Generally receivers cannot check SPF behind their border MX,
and 1123 5.3.6(a) aka "251 user not local" _is_ behind their
border.

Something has to give.  Otherwise they'd get an emulation of
"551 user no local".  Calling that "breaks forwarding" is a
simplification.  Actually 1123 broke it 16 years ago, it was
fine in STD 10 with its (literally) reverse paths:

251-forwarders knew that they get the mail back if it doesn't
work out, therefore they always had the option to reject (551).

All "MSAs" (at that time "smart hosts") and relays knew that
they cannot accept arbitrary Return-Paths, because they were
responsible to return this if it doesn't work out.  SMTP was
a simple and robust protocol, designed by Jon Postel, it took
the 1123-committee to "break" it.  SPF allows to "fix" this.

After the spammers found and abused this loophole for their
own purposes (they need MAIL FROMs surviving call back tests)
about twelve years after 1123 was published.

Probably nobody expected in 1989 (when 1123 was published)
that today most mails are spam with forged Return-Paths.  Or
maybe they thought that "MX" should cover the concept "RMX",
some kind of default "v=spf1 mx a ~all".

It's a subtle bug, all reasons given in RfC 1123 for dropping
the source routes are convincing.  Only the side-effect "this
allows to use arbitrary Return-Paths" turned out to be very
bad, more than a decade later.

In other words, if I forward e-mail, shouldn't the envelope
and headers change to reflect that I forwarded?
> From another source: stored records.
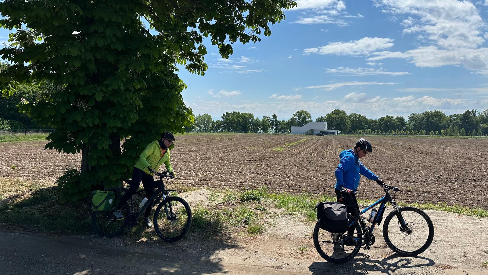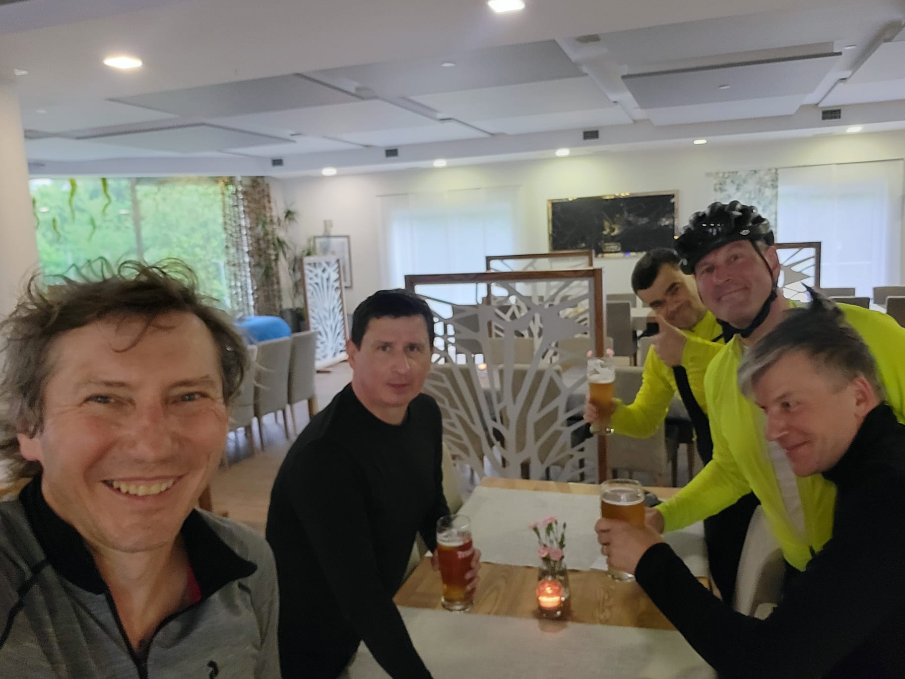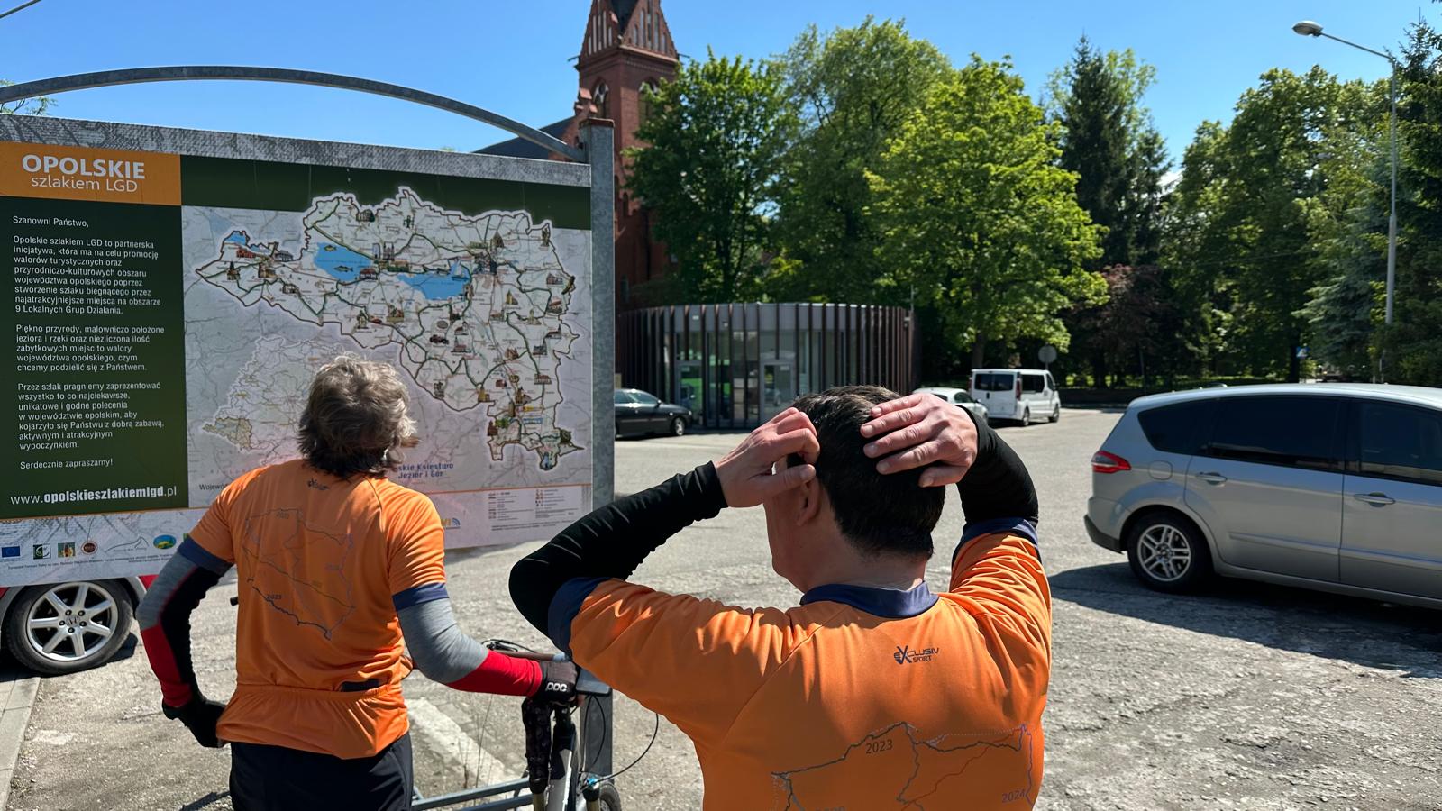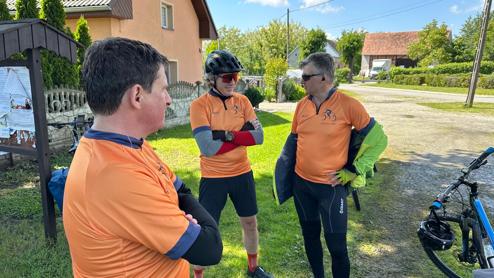 o szybkiej naprawie dętki (ale tej w rowerze, bo my sami już jak dętki...) ruszyliśmy dalej. Pierwszy raz od startu powitało nas piękne słońce i nawet w trakcie jazdy pozbywaliśmy się wierzchnich warstw niczym powabne pracownice klubów w Amsterdamie (tzn. tak nam koledzy opowiadali, że tak tam jest). Korzystając z bezsprzecznych zdolności nawigacyjnych Krzysztofa, prawie wcale nie jechaliśmy po asfalcie, co nie było planowane... No, ale możemy śmiało uznać, że odcinek szutrowy podczas tegorocznego touru zaliczyliśmy śpiewająco. Śpiewami żałobnymi, ale zawsze... Ta podniosła atmosfera doholowała nas aż do Kawałka Nieba, czyli sympatycznej kawiarenki parafialnej w Nysie, gdzie z sercem przyjęto strudzonych kolarzy. Odwiedziliśmy też Paczków, a w nim winnicę i Muzeum motoryzacji. Niestety, nie pamiętamy, które miejsce było lepsze, więc jak nie pamiętamy to obstawiamy winnicę... Dalej już było z górki, bo blisko do hotelu w miejscowości Bardo, ale sam hotel pod górkę i to taką o nachyleniu 20%... Więc nasze nogi płoną! Tak jak i serca do dalszych etapów!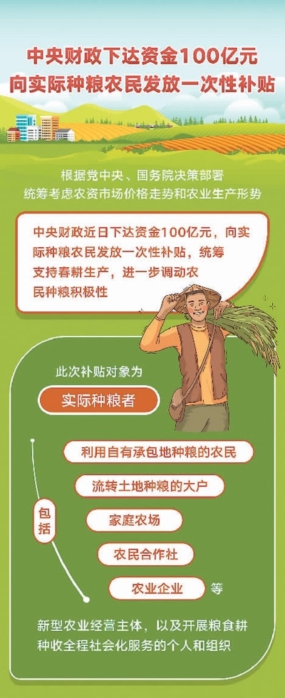 為此,國(guó)家統(tǒng)籌考慮農(nóng)資市場(chǎng)價(jià)格走勢(shì)和農(nóng)業(yè)生產(chǎn)形勢(shì),中央財(cái)政向?qū)嶋H種糧農(nóng)民發(fā)放一次性補(bǔ)貼100億元,以穩(wěn)定農(nóng)民收入、保護(hù)農(nóng)民種糧積極性。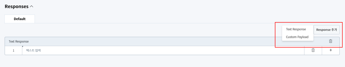 아래 화면과 같이 Default 탭에서는 Text Response와 Custom Payload 응답을 지원합니다.
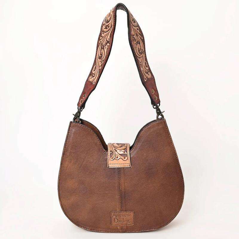 American Darling Women's White Hairon U-Shaped Hand Tooled Bag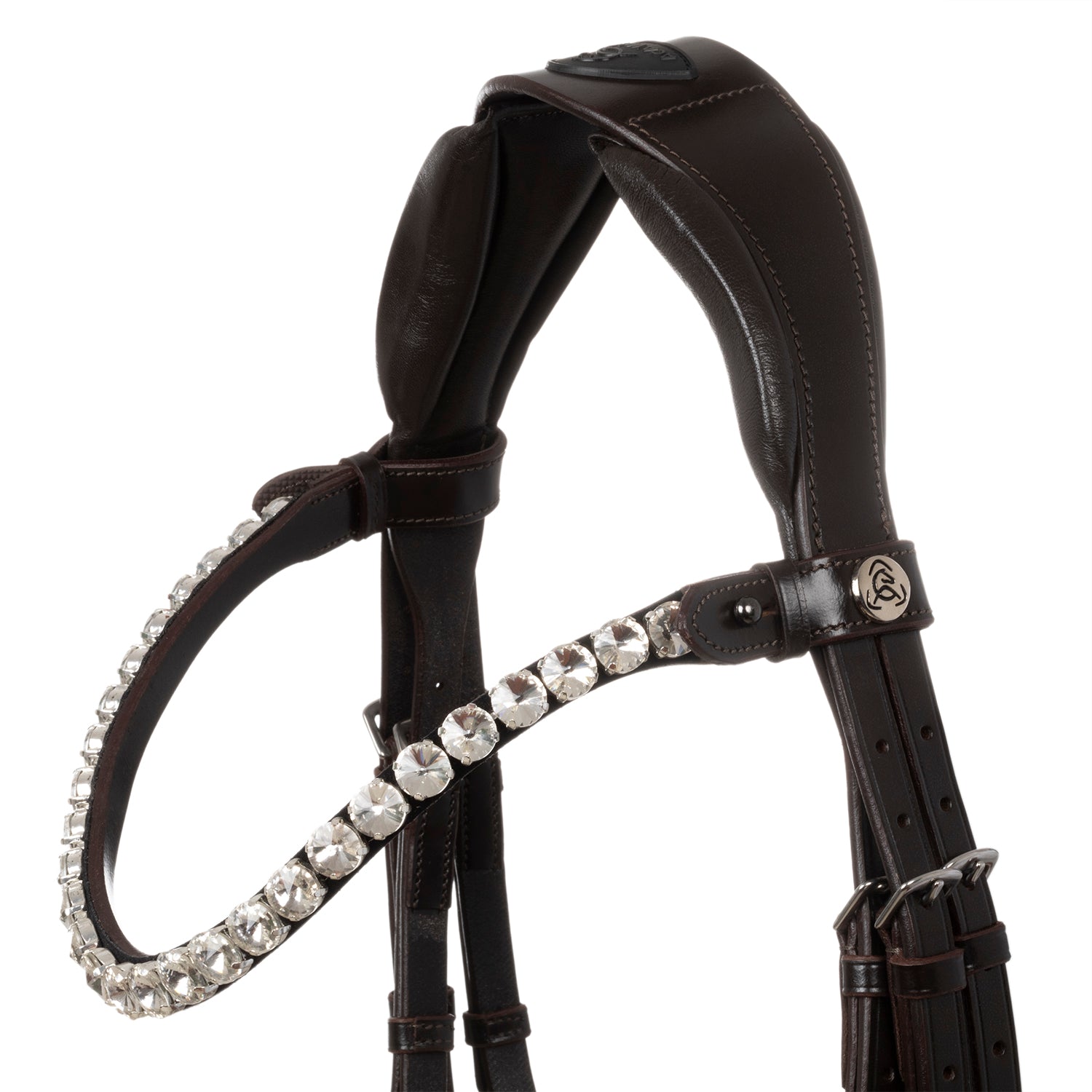 >The browband and noseband are padded with latex and feature elegant black or white piping, giving the bridle a refined and distinctive design. These details give the Ophelia bridle a touch of elegance.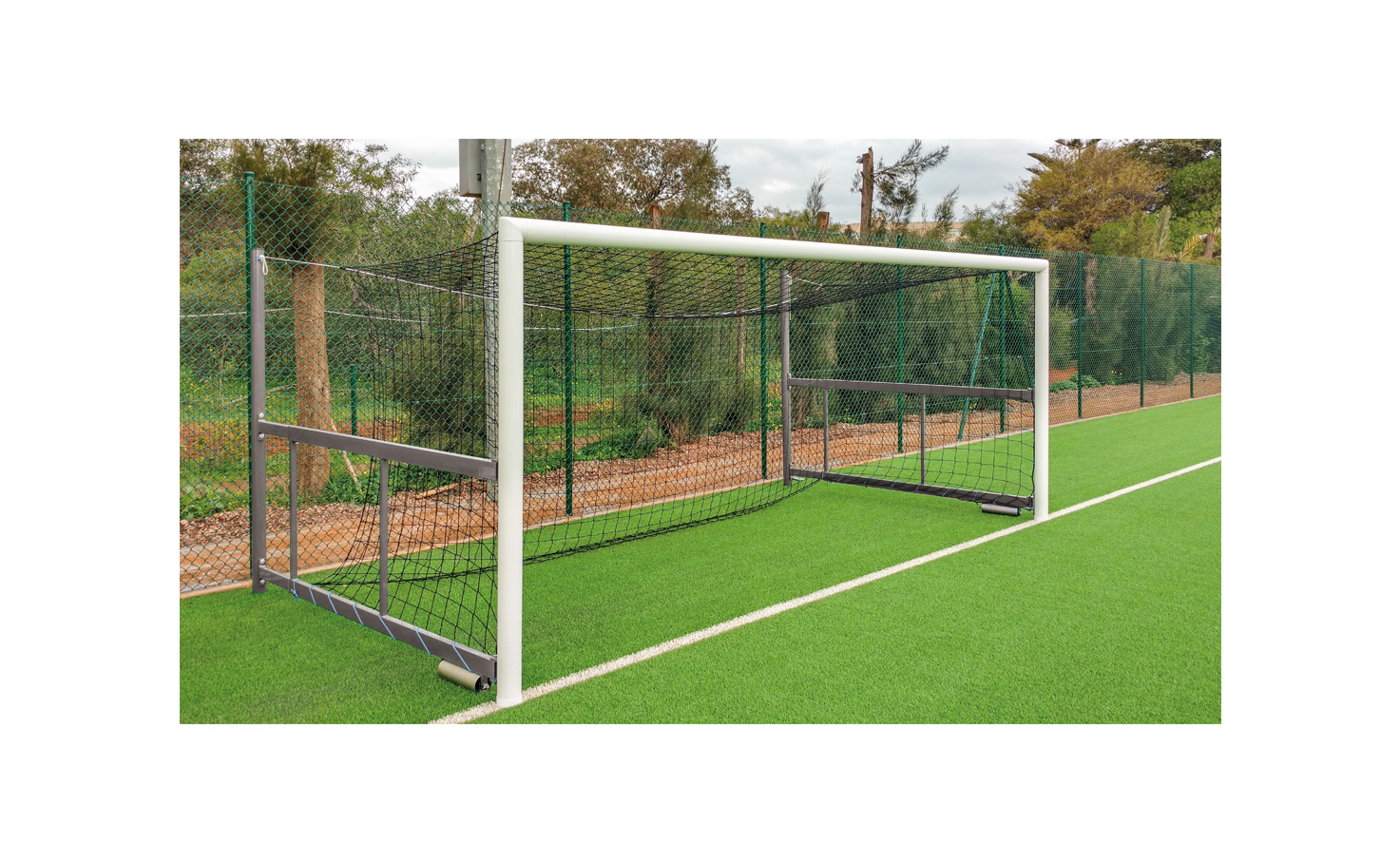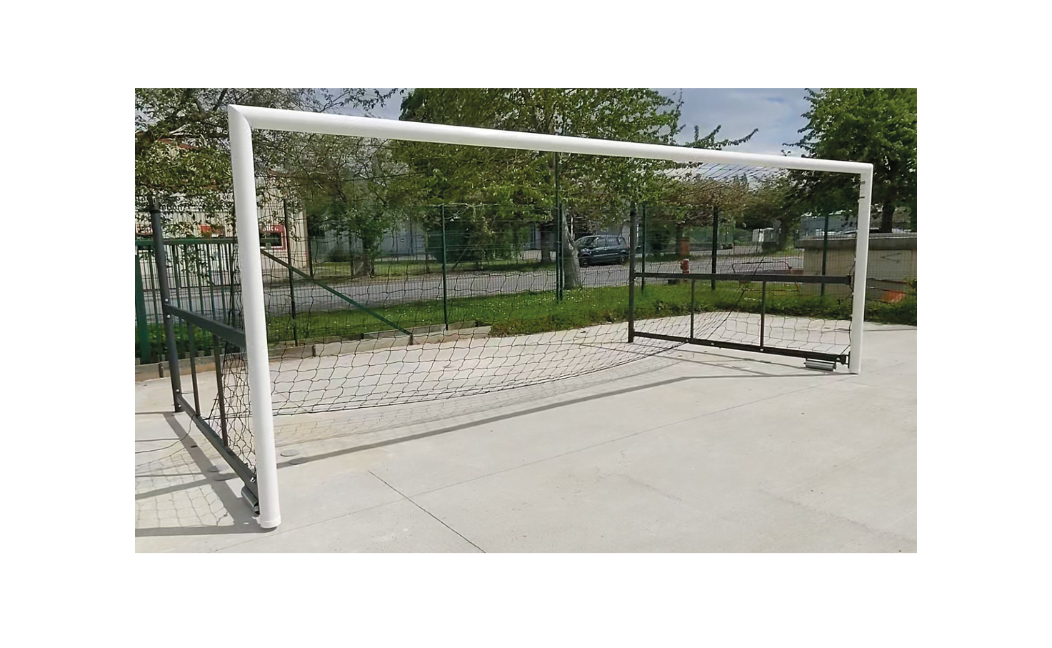 The depth of these goals can be adjusted from 7 to 11.4 ft, or customized to a fixed frame upon request. The Ø 3.1 inches rear masts come with their sealing sockets. Electrogalvanized steel rollers, 11.8 inches long, facilitate easy folding and deployment of the goals, with the pivot axis located in the sockets.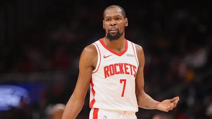 本场比赛,火箭球员凯文-杜兰特出战31分钟,21投11中,其中三分球4投3中,罚球8投6中,空砍31分3篮板1助攻5抢断。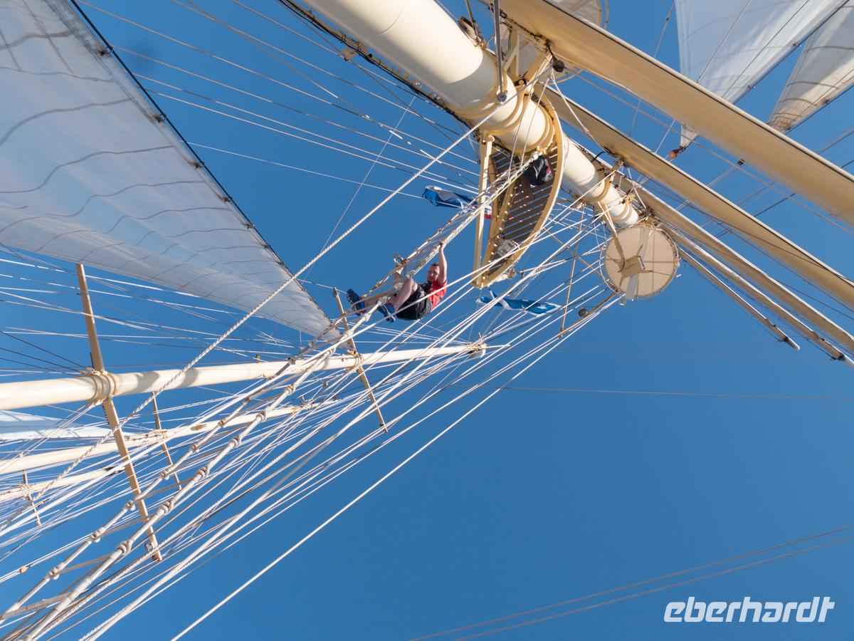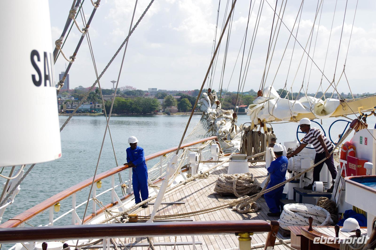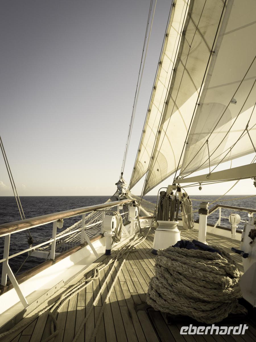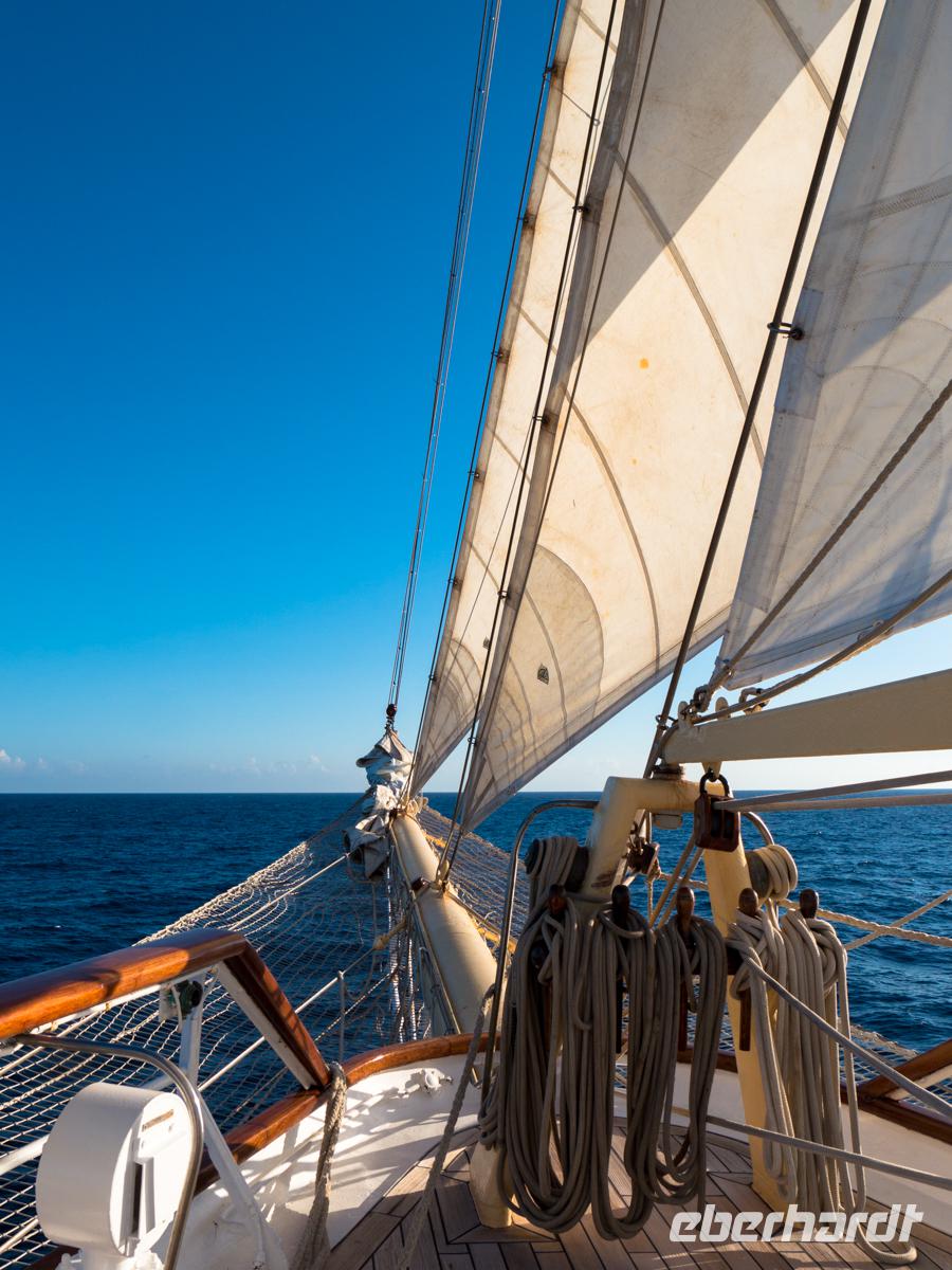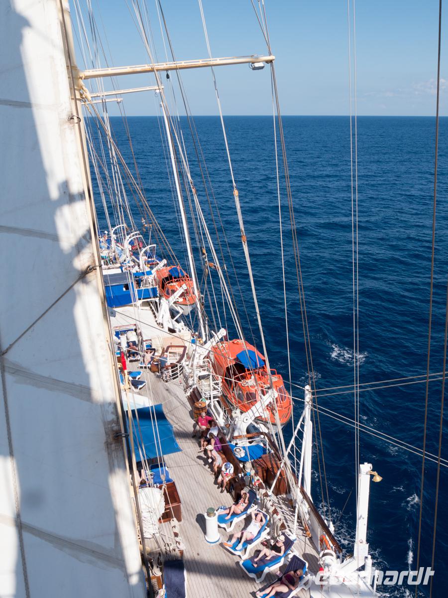 Die erste Nacht auf See verlief sehr geruhsam, nur ein leichtes Schaukeln hat uns in den Schlaf gewiegt. Nach dem Frühstück steht noch ein Mal ein Pflichtprogramm an: der zweite Teil der Seenotrettungsübung. Der Rest des Tages kann nach Belieben gestaltet werden. Wir lernen am Vormittag gleich noch den wichtigsten Mann an Bord kennen - unseren Kapitän Yuriy Slastenin. Seit 1981 fährt der Ukrainer zur See und neben seiner fachlichen Kompetenz glänzt er auch mit einer guten Portion Humor. Er allein kann solch ein Schiff natürlich nicht mit Leben erfüllen und so stellt er uns gleich noch einen Teil seiner 77-köpfigen Crew vor, die sich um das Wohlergehen der 156 Gäste aus 11 Nationen kümmern. Tja, nun stellt sich die Frage: wo ist der schönste Platz an Bord? An so einem herrlichen, sonnigen Seetag natürlich an Deck. Ein leichtes Lüftchen sorgt für ein wenig Erfrischung und die See ist außergewöhnlich ruhig. Was sind wir froh! Man versichert uns, dass die ganze Woche solch gute Aussichten hat - ungewöhnlich gut für kubanische Gewässer! Mit einem guten Buch in der Hand oder in Gedanken auf's Meer schauend, lässt sich der Tag wunderbar genießen. Wer etwas mehr Action mag, kann sich beim Mastklettern versuchen - die ersten vier aus der Gruppe trauen sich schon auf die 10 Meter hohe Plattform. Respekt! Am Abend gibt uns Steffi die wichtigsten Informationen für den morgigen Tag und unseren ersten Hafen Punta Frances. Nach dem Essen darf in der Tropical Bar wieder das Tanzbein geschwungen werden und bei einer Modenschau präsentiert uns die Crew der Star Flyer die Mode aus dem Bord-Shop.

Yes, if you do that - aka 1123 5.3.6(b) - there's no problem
with SPF at whatever next hop:  It would check your policy
against your "RMX" IPs and get a PASS.  Or if you have no SPF
policy it would get NONE, but not a FAIL as with the original
MAIL FROM policy checked against your IPs.

trying to understand history, in an effort not to repeat it.

The problem is that some forwarder claim that 251-forwarding
is a "feature" (it really was before 1123) and don't accept
that it's now a "bug".  Same situation as with "open relays",
that was a good (or at least possible) idea for some time.